May 30, 2024

Athens News

News in English from Greece

British Museum in talks for Parthenon sculptures?

The British Museum promised do not dismantle his collection after reports that the institution’s chairman had held secret talks with the Greek prime minister over the return of the Parthenon sculptures, also known as the Elgin marbles.

The report in the Greek newspaper Ta Nea is the latest twist in a longstanding dispute over the ownership of ancient sculptures that originally stood on the Acropolis in Athens and have been the centerpiece of the British Museum’s collection since 1816. Ta Nea revealed on Saturday that talks between museum chairman George Osborne and Greek Prime Minister Kyriakos Mitsotakis have been ongoing since November 2021 and are at an advanced stage.

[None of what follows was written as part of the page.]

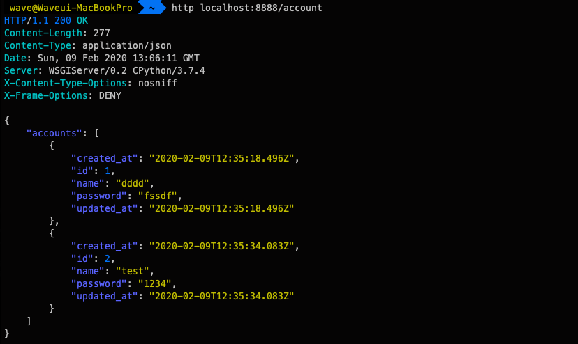 post 메서드로 요청 받을 시 name 과 password를 저장하는 기능을 구현하였고 get 메서드로 요청 받을 시 account 테이블에 저장된 리스트를 출력하도록 하였다.

While the museum did not deny that negotiations took place, a spokesman declined to discuss the specifics of Ta Nea’s history. The museum said it was ready to “talk to anyone, including the Greek government” about the new “partnership” of the Parthenon. “As the chairman of the board of trustees said last month, we are acting within the law and have no intention of dismantling our great collection as it tells the unique story of our common humanity,” the museum said in a statement released Saturday. “But we are looking for new positive, long-term partnerships with countries and communities around the world and, of course, with Greece.”

The Greek government has not commented on the report. Although British authorities have rebuffed attempts to bring the sculptures back to Greece since at least 1941, the tone has changed in recent times as museums around the world try to address issues related to how ancient artefacts were acquired during periods of imperial domination and colonial expansion.

In July, Jonathan Williams, deputy director of the British Museum, said the institution wanted to “change the temperature of the debate” around marble. “We call for an active Parthenon partnership with our friends and colleagues in Greece,” he told the Sunday Times. “I strongly believe that there is room for a really dynamic and positive conversation, in which new ways of working together can be found.”

The museum says on its website that it is willing to consider leasing the sculptures to Greece, but successive Greek governments have refused to recognize ownership of the museum. Currently, negotiations on this issue are not underway, they say in the museum.